**EXERCISE INSTRUCTIONS:**
Set down exactly the lines from the one containing "Zverejňujeme šokujúce číslo: V" to the final line of the records below, with every picture omitted.

**DATA PROVIDED:**
........
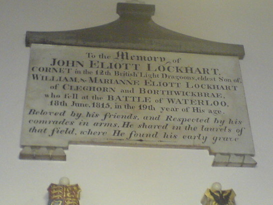 To the Memory of/JOHN ELLIOTT LOCKHART/CORNET in the 12th British Light Dragoons, eldest Son of/WILLIAM & MARIANNE ELLIOTT LOCKHART/of CLEGHORN and BORTHWICKBRAE/who fell at the BATTLE of WATERLOO,/18th June 1815, in the 19th year of his age./Beloved by his friends, and Respected by his/comrades in arms. He shared in the laurels of/that field, where He found his early grave.
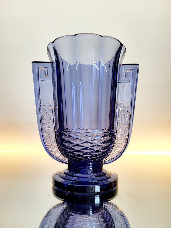 Val Saint Lambert Art deco Vase, Luxval Serie Modell Romeo, fliederfarben, Belgien
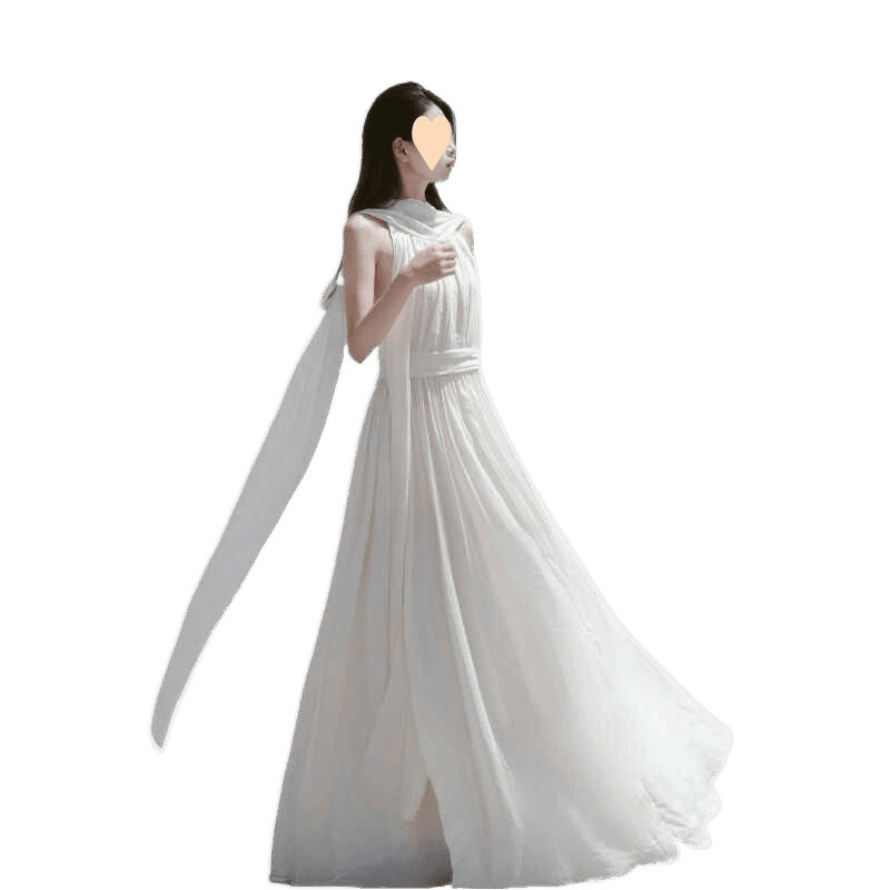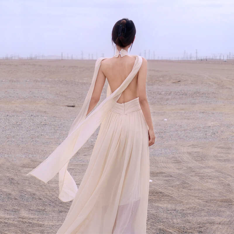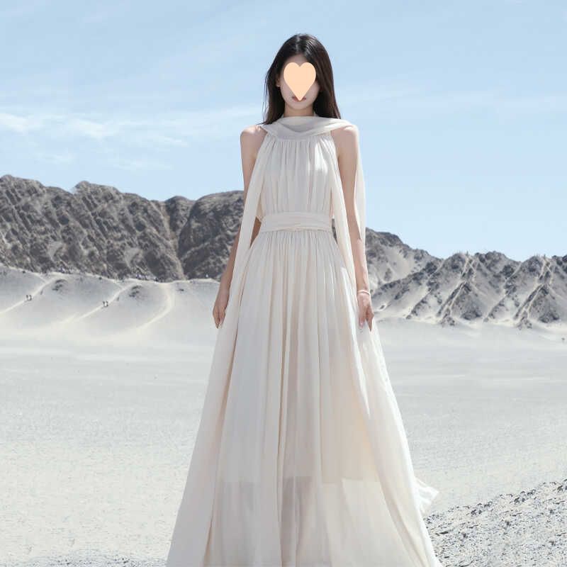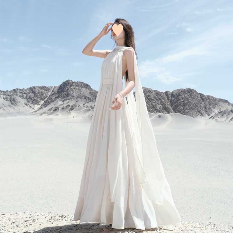 希腊女神连衣裙埃及沙漠旅游度假长裙仙女挂脖飘带沙滩裙绝美三亚
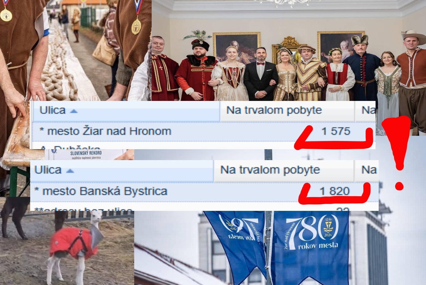 Zverejňujeme šokujúce číslo: V Žiari nad Hronom pri počte 16 516 obyvateľov (údaj k 26.2.2026) až 1 575 občanov (údaj k 26.2.2026) má uvedený trvalý pobyt na „Mesto Žiar nad Hronom“. Takže až 9,5 % Žiarčanov nemá trvalý pobyt na konkrétnej adrese, ale sú evidovaní ako občania mesta na Mestskom úrade v Žiari nad Hronom.
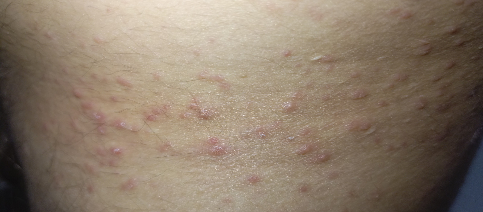 Здравствуйте! У мужа появились высыпания в области подмышки, они не чешутся и не беспокоят, потом появилось в паху, вот там очень чешется! Подскажите что это может быть?первое фото в паху второе у подмышки
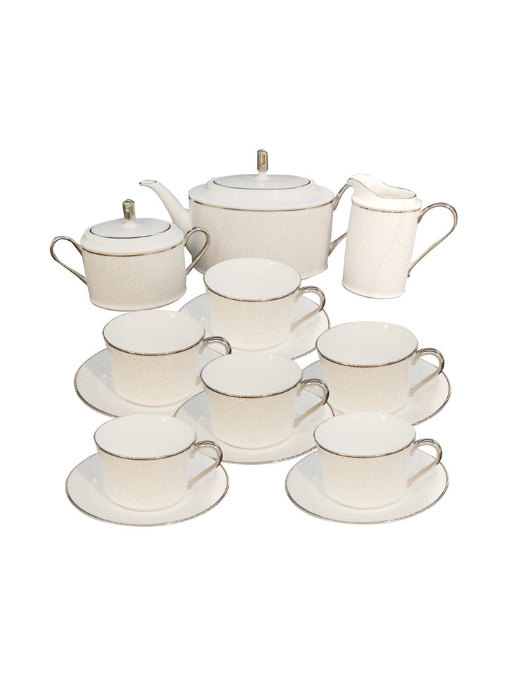 - Net Qty: 17 Pcs Tea Set Includes 6 Cup and Saucer Set Tea Pot 1 Milk Pot 1 lid 1 Tea Pot 1 lid 1 Sugar Pot
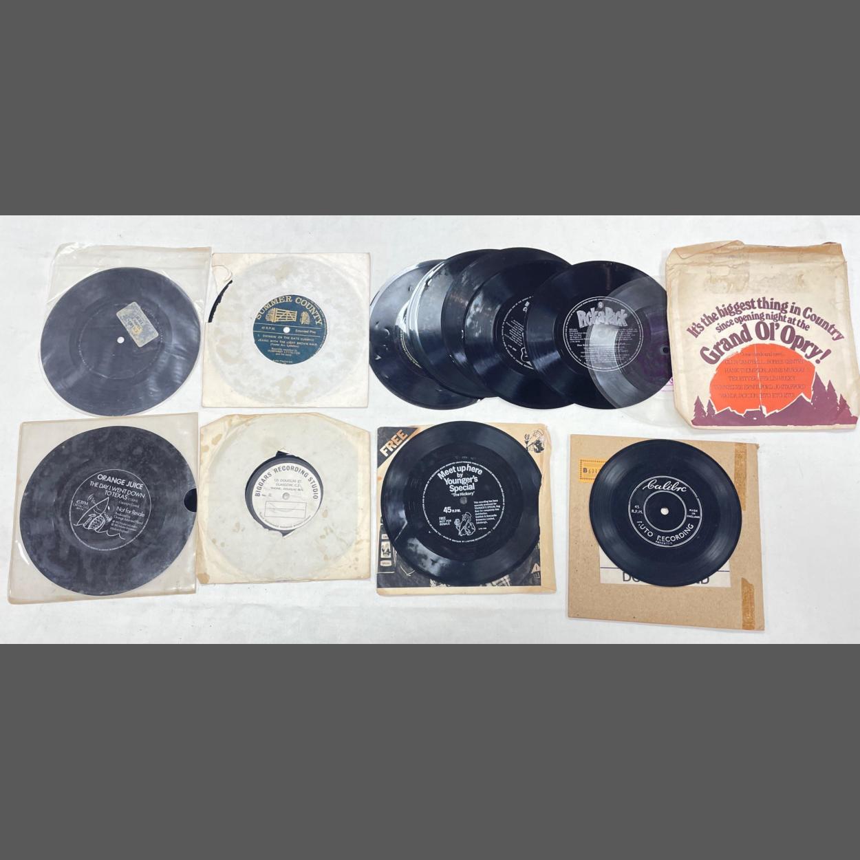 For those afficionados interested in 45rpm / 33 1/2rpm FLEXI-DISCS - a collection of 13 discs from various artists including Orange Juice, The B.B.C. Gnome Service, Pick-a-Pack, The World of Country Music, A Hundred and One Headline Hits among others. AN ADDED BONUS of a CALIBRE AUTO RECORDING disc - popular in the 1950s/60s as homemade acetates recorded within minutes in AUTO RECORDING BOOTHS. Of historical value. AND A FURTHER BONUS of a BIGGARS RECORDING STUDIO (Glasgow) Acetate auto recording disc. Again, of historical value.
........
**RESPONSE FOR THIS EXERCISE:**
 Zverejňujeme šokujúce číslo: V Žiari nad Hronom pri počte 16 516 obyvateľov (údaj k 26.2.2026) až 1 575 občanov (údaj k 26.2.2026) má uvedený trvalý pobyt na „Mesto Žiar nad Hronom“. Takže až 9,5 % Žiarčanov nemá trvalý pobyt na konkrétnej adrese, ale sú evidovaní ako občania mesta na Mestskom úrade v Žiari nad Hronom.
 Здравствуйте! У мужа появились высыпания в области подмышки, они не чешутся и не беспокоят, потом появилось в паху, вот там очень чешется! Подскажите что это может быть?первое фото в паху второе у подмышки
 - Net Qty: 17 Pcs Tea Set Includes 6 Cup and Saucer Set Tea Pot 1 Milk Pot 1 lid 1 Tea Pot 1 lid 1 Sugar Pot
 For those afficionados interested in 45rpm / 33 1/2rpm FLEXI-DISCS - a collection of 13 discs from various artists including Orange Juice, The B.B.C. Gnome Service, Pick-a-Pack, The World of Country Music, A Hundred and One Headline Hits among others. AN ADDED BONUS of a CALIBRE AUTO RECORDING disc - popular in the 1950s/60s as homemade acetates recorded within minutes in AUTO RECORDING BOOTHS. Of historical value. AND A FURTHER BONUS of a BIGGARS RECORDING STUDIO (Glasgow) Acetate auto recording disc. Again, of historical value.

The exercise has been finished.